What the exercise asks » Take the lines in the listing below from the line with "Chattopadhyay | |" up to and including the line with "此次培训邀请了省国资委监督二" and set them down exactly, skipping pictures and adding nothing.

Listed records »
= = =
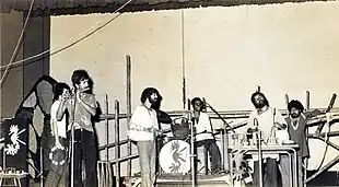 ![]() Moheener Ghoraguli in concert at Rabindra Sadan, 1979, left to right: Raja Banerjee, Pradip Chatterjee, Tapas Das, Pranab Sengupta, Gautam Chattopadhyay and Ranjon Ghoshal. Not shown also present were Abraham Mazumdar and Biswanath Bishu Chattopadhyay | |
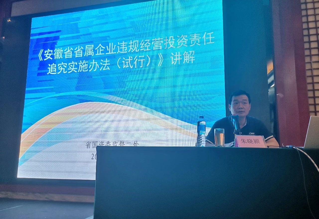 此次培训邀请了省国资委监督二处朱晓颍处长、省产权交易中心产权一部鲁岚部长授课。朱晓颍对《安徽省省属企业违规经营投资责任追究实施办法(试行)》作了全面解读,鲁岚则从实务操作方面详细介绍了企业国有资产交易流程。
= = =
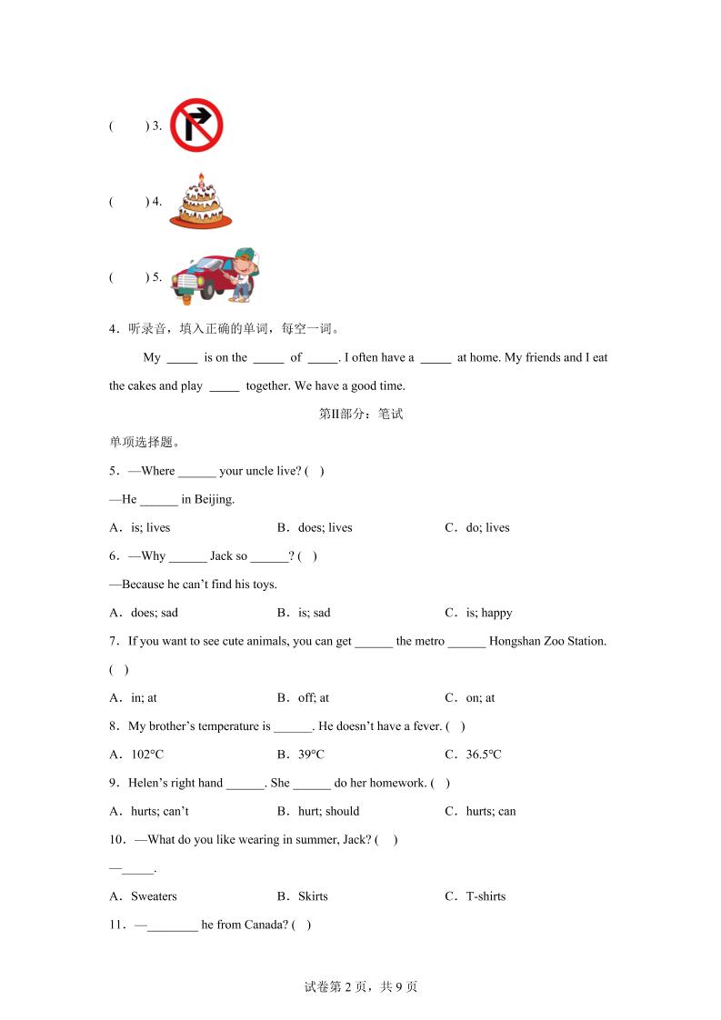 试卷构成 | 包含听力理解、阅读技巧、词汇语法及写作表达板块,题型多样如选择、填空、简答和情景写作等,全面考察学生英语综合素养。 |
= = =
Answer for this exercise »
 ![]() Moheener Ghoraguli in concert at Rabindra Sadan, 1979, left to right: Raja Banerjee, Pradip Chatterjee, Tapas Das, Pranab Sengupta, Gautam Chattopadhyay and Ranjon Ghoshal. Not shown also present were Abraham Mazumdar and Biswanath Bishu Chattopadhyay | |
 此次培训邀请了省国资委监督二处朱晓颍处长、省产权交易中心产权一部鲁岚部长授课。朱晓颍对《安徽省省属企业违规经营投资责任追究实施办法(试行)》作了全面解读,鲁岚则从实务操作方面详细介绍了企业国有资产交易流程。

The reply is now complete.